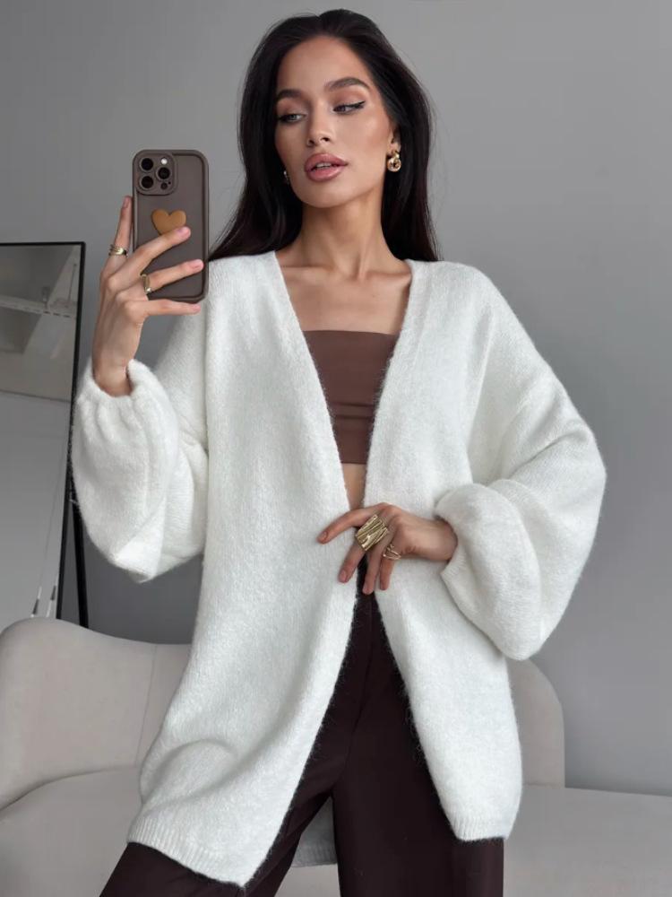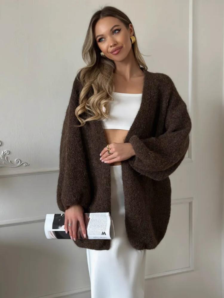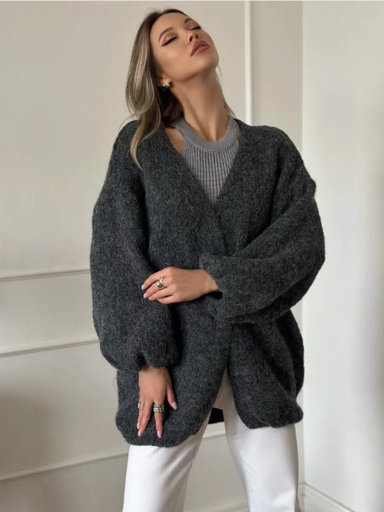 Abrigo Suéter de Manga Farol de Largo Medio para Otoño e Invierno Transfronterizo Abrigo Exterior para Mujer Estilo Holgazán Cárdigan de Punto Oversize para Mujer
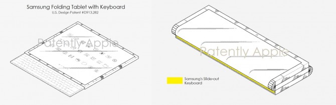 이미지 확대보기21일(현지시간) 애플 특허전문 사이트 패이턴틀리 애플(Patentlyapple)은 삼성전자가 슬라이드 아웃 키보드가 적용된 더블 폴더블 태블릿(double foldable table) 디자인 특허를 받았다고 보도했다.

----------

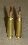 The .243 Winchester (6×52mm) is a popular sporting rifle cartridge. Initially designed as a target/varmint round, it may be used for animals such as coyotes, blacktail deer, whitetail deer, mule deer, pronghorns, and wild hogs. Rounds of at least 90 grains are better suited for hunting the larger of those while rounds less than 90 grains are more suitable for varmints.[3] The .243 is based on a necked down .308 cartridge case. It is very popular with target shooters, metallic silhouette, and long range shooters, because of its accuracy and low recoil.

----------

- **TASK REQUIREMENTS**:
For this exercise, transcribe exactly the part of the records above that opens with the line containing "Abrigo Suéter de" and closes with the one containing "이미지 확대보기21일(현지시간) 애플". Pictures are not part of the copy.

- **RESPONSE TO THIS TASK**:
 Abrigo Suéter de Manga Farol de Largo Medio para Otoño e Invierno Transfronterizo Abrigo Exterior para Mujer Estilo Holgazán Cárdigan de Punto Oversize para Mujer
 이미지 확대보기21일(현지시간) 애플 특허전문 사이트 패이턴틀리 애플(Patentlyapple)은 삼성전자가 슬라이드 아웃 키보드가 적용된 더블 폴더블 태블릿(double foldable table) 디자인 특허를 받았다고 보도했다.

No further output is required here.